Hoaks ban motor gundul bisa dipenjara 1 bulan atau didenda Rp250 ribu. Begini penjelasan Ditlantas Polda Metro Jaya dan isi sebenarnya Pasal 278 UU LLAJ.
Tabooo.id – Sebuah unggahan di Facebook mengklaim bahwa pengendara sepeda motor yang memakai ban gundul bisa masuk penjara selama satu bulan atau membayar denda hingga Rp250 ribu. Narasi itu menyebut sanksi tersebut berasal dari Undang-Undang Nomor 22 Tahun 2009 tentang Lalu Lintas dan Angkutan Jalan (UU LLAJ).
Klaim ini menyebar luas dan membuat sebagian pengendara khawatir. Namun, apakah ban motor yang sudah halus benar-benar bisa membuat pengendaranya dipenjara?
Jawabannya: tidak benar.
Klaim yang Beredar
Unggahan tersebut menyebutkan bahwa:
- Ban motor dengan alur kurang dari 1,6 milimeter melanggar syarat laik jalan.
- Pengendara bisa menjalani kurungan paling lama satu bulan atau membayar denda maksimal Rp250 ribu.
- Klaim ini merujuk pada Pasal 48 ayat (2) dan Pasal 278 UU Nomor 22 Tahun 2009.
Sekilas, narasi ini terlihat meyakinkan karena mencantumkan nomor pasal. Namun, isi pasalnya tidak sesuai dengan klaim tersebut.
Faktanya
Direktorat Lalu Lintas (Ditlantas) Polda Metro Jaya memastikan bahwa informasi ini tidak benar.
Direktur Lalu Lintas Polda Metro Jaya, Brigjen Pol. Komarudin, menegaskan bahwa kabar tentang sanksi pidana bagi pengendara motor dengan ban gundul merupakan informasi keliru. Ia juga mengimbau masyarakat untuk selalu memeriksa kebenaran informasi melalui sumber resmi sebelum mempercayai atau menyebarkannya.
Pasal yang Dipakai Ternyata Salah
Unggahan viral itu mengutip Pasal 278 UU Nomor 22 Tahun 2009. Namun, pasal ini tidak mengatur penggunaan ban gundul pada sepeda motor.
Pasal 278 justru mengatur pengemudi kendaraan bermotor roda empat atau lebih yang tidak membawa perlengkapan wajib seperti:
- ban cadangan,
- segitiga pengaman,
- dongkrak,
- pembuka roda,
- perlengkapan pertolongan pertama pada kecelakaan.
Jika pengemudi mobil tidak membawa perlengkapan tersebut, ia bisa menjalani kurungan paling lama satu bulan atau membayar denda paling banyak Rp250 ribu.
Artinya, pasal ini tidak berlaku untuk pengendara sepeda motor dan tidak membahas ban gundul.
Tetap Berbahaya, Meski Bukan Karena Pasal Itu
Meski klaim hukumnya keliru, penggunaan ban motor yang sudah aus tetap berbahaya.
Ban yang kehilangan alur cengkeram lebih mudah tergelincir, terutama saat hujan atau ketika pengendara melakukan pengereman mendadak.

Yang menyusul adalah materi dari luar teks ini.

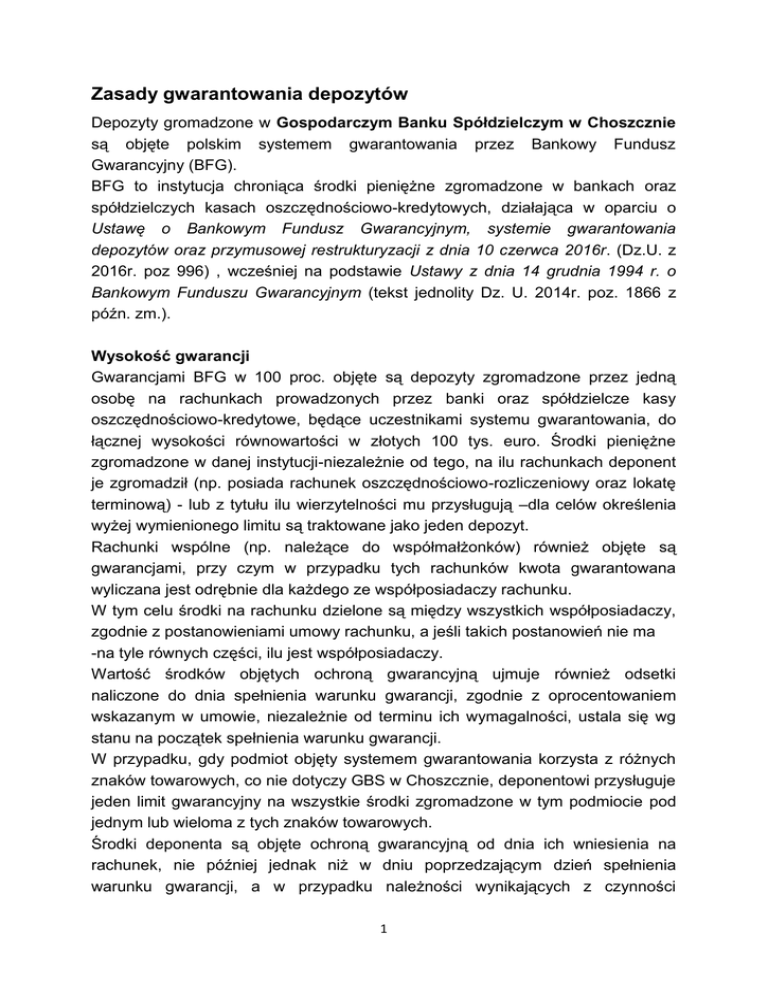 Zasady gwarantowania depozytów Depozyty gromadzone w Gospodarczym Banku Spółdzielczym w Choszcznie są objęte polskim systemem gwarantowania przez Bankowy Fundusz Gwarancyjny (BFG). BFG to instytucja chroniąca środki pieniężne zgromadzone w bankach oraz spółdzielczych kasach oszczędnościowo-kredytowych, działająca w oparciu o Ustawę o Bankowym Fundusz Gwarancyjnym, systemie gwarantowania depozytów oraz przymusowej restrukturyzacji z dnia 10 czerwca 2016r. (Dz.U. z 2016r. poz 996) , wcześniej na podstawie Ustawy z dnia 14 grudnia 1994 r. o Bankowym Funduszu Gwarancyjnym (tekst jednolity Dz. U. 2014r. poz. 1866 z późn. zm.). Wysokość gwarancji Gwarancjami BFG w 100 proc. objęte są depozyty zgromadzone przez jedną osobę na rachunkach prowadzonych przez banki oraz spółdzielcze kasy oszczędnościowo-kredytowe, będące uczestnikami systemu gwarantowania, do łącznej wysokości równowartości w złotych 100 tys. euro. Środki pieniężne zgromadzone w danej instytucji-niezależnie od tego, na ilu rachunkach deponent je zgromadził (np. posiada rachunek oszczędnościowo-rozliczeniowy oraz lokatę terminową) - lub z tytułu ilu wierzytelności mu przysługują –dla celów określenia wyżej wymienionego limitu są traktowane jako jeden depozyt. Rachunki wspólne (np. należące do współmałżonków) również objęte są gwarancjami, przy czym w przypadku tych rachunków kwota gwarantowana wyliczana jest odrębnie dla każdego ze współposiadaczy rachunku. W tym celu środki na rachunku dzielone są między wszystkich współposiadaczy, zgodnie z postanowieniami umowy rachunku, a jeśli takich postanowień nie ma -na tyle równych części, ilu jest współposiadaczy. Wartość środków objętych ochroną gwarancyjną ujmuje również odsetki naliczone do dnia spełnienia warunku gwarancji, zgodnie z oprocentowaniem wskazanym w umowie, niezależnie od terminu ich wymagalności, ustala się wg stanu na początek spełnienia warunku gwarancji. W przypadku, gdy podmiot objęty systemem gwarantowania korzysta z różnych znaków towarowych, co nie dotyczy GBS w Choszcznie, deponentowi przysługuje jeden limit gwarancyjny na wszystkie środki zgromadzone w tym podmiocie pod jednym lub wieloma z tych znaków towarowych. Środki deponenta są objęte ochroną gwarancyjną od dnia ich wniesienia na rachunek, nie później jednak niż w dniu poprzedzającym dzień spełnienia warunku gwarancji, a w przypadku należności wynikających z czynności 1 bankowych, o ile czynność ta została dokonana przed dniem spełnienia warunku gwarancji. W przypadku, gdy środki lub należności deponenta będącego osobą fizyczną pochodzą z: 1) odpłatnego zbycia: a) nieruchomości zabudowanej budynkiem mieszkalnym jednorodzinnym w rozumieniu przepisów ustawy Prawo budowlane, jej części lub udziału w takiej nieruchomości, b) prawa użytkowania wieczystego gruntu zabudowanego budynkiem mieszkalnym jednorodzinnym w rozumieniu przepisów ustawy Prawo budowlane lub udziału w takim prawie, c) samodzielnego lokalu mieszkalnego w rozumieniu przepisów ustawy o własności lokali stanowiącego odrębną nieruchomość lub udziału w takim lokalu, gruntu lub udziału w gruncie albo prawa użytkowania wieczystego gruntu lub udziału w takim prawie, związanych z tym lokalem, d) spółdzielczego własnościowego prawa do lokalu o przeznaczeniu mieszkalnym lub udziału w takim prawie – jeżeli zbycie to nie nastąpiło w ramach wykonywanej działalności gospodarczej, 2) wykonania na rzecz deponenta umownego lub sądowego podziału majątku po ustaniu małżeńskiej wspólności majątkowej, 3) nabycia przez deponenta spadku, wykonania na jego rzecz zapisu lub otrzymania przez niego zachowku, 4) wypłaty sumy ubezpieczenia z tytułu umowy ubezpieczenia na życie w związku ze śmiercią osoby ubezpieczonej lub dożyciem przez nią oznaczonego wieku, 5) wypłaty sumy ubezpieczenia z tytułu umowy ubezpieczenia następstw nieszczęśliwych wypadków w związku z uszkodzeniem ciała, rozstrojem zdrowia lub śmiercią osoby ubezpieczonej wskutek nieszczęśliwego wypadku, 6) wypłaty odprawy pieniężnej na warunkach i w wysokości określonych w przepisach odrębnych, 7) wypłaty odprawy emerytalnej lub rentowej, o której mowa w art. 92§ 1 ustawy – Kodeks pracy lub odrębnych przepisach, na warunkach i w wysokości określonych w tych przepisach – są one objęte ochroną gwarancyjną, w terminie 3 miesięcy od dnia wpływu środków na rachunek lub powstania należności, do wysokości stanowiącej różnicę pomiędzy dwukrotnością limitu równowartości w złotych 100 000 euro a sumą pozostałych środków i należności deponenta, nie wyższą jednak niż limit równowartości w złotych 100 000 euro. 2 Po tym terminie środki i należności deponenta są objęte obowiązkowym systemem gwarantowania depozytów na zasadach ogólnych, tj. do wysokości równowartości w złotych 100 000 euro. W przypadku, gdy środki lub należności deponenta będącego osobą fizyczną pochodzą z wypłaty odszkodowania za szkodę wyrządzoną przestępstwem lub zadośćuczynienia za doznaną krzywdę, odszkodowania lub zadośćuczynienia, o którym mowa w art. 552 ustawy – Kodeks postępowania karnego, są one objęte ochroną gwarancyjną, w terminie 3 miesięcy od dnia wpływu środków na rachunek lub powstania należności –w całości. Po tym terminie te środki i należności są objęte obowiązkowym systemem gwarantowania depozytów na zasadach ogólnych, tj. do wysokości równowartości w złotych 100 tys. euro. Gwarancjom BFG podlegają imienne depozyty złotowe i walutowe deponentów: osób fizycznych, osób prawnych, jednostek organizacyjnych niebędących osobami prawnymi, którym odrębna ustawa przyznaje zdolność prawną, szkolnych kas oszczędności (SKO), pracowniczych kas zapomogowo - pożyczkowych. Oprócz środków pieniężnych zgromadzonych na wszystkich imie

Kondisi ini meningkatkan risiko kecelakaan karena daya cengkeram ban terhadap jalan menurun.
Karena itu, pengendara perlu rutin memeriksa kondisi ban dan segera menggantinya jika sudah tidak layak pakai. Langkah ini jauh lebih penting untuk menjaga keselamatan daripada sekadar menghindari sanksi.
Kenapa Hoaks Seperti Ini Mudah Dipercaya?
Hoaks sering terlihat meyakinkan karena mencantumkan nomor undang-undang atau istilah hukum. Banyak orang tidak memeriksa isi pasal yang sebenarnya sehingga informasi palsu tampak sah.
Pola ini sering muncul dalam berbagai unggahan viral. Nomor aturan memang benar, tetapi isi pasalnya dipelintir agar sesuai dengan narasi tertentu.
Ini bukan sekadar hoaks tentang ban motor. Ini contoh bagaimana seseorang bisa memanfaatkan potongan aturan hukum untuk membangun kesan seolah-olah informasi tersebut benar, padahal konteksnya sudah berubah.
Kesimpulan
Status: HOAKS
Klaim bahwa pengendara sepeda motor dengan ban gundul bisa menjalani kurungan satu bulan atau membayar denda Rp250 ribu berdasarkan Pasal 278 UU Nomor 22 Tahun 2009 tidak benar.
Pasal tersebut mengatur kendaraan roda empat atau lebih yang tidak membawa perlengkapan wajib, bukan penggunaan ban gundul pada sepeda motor.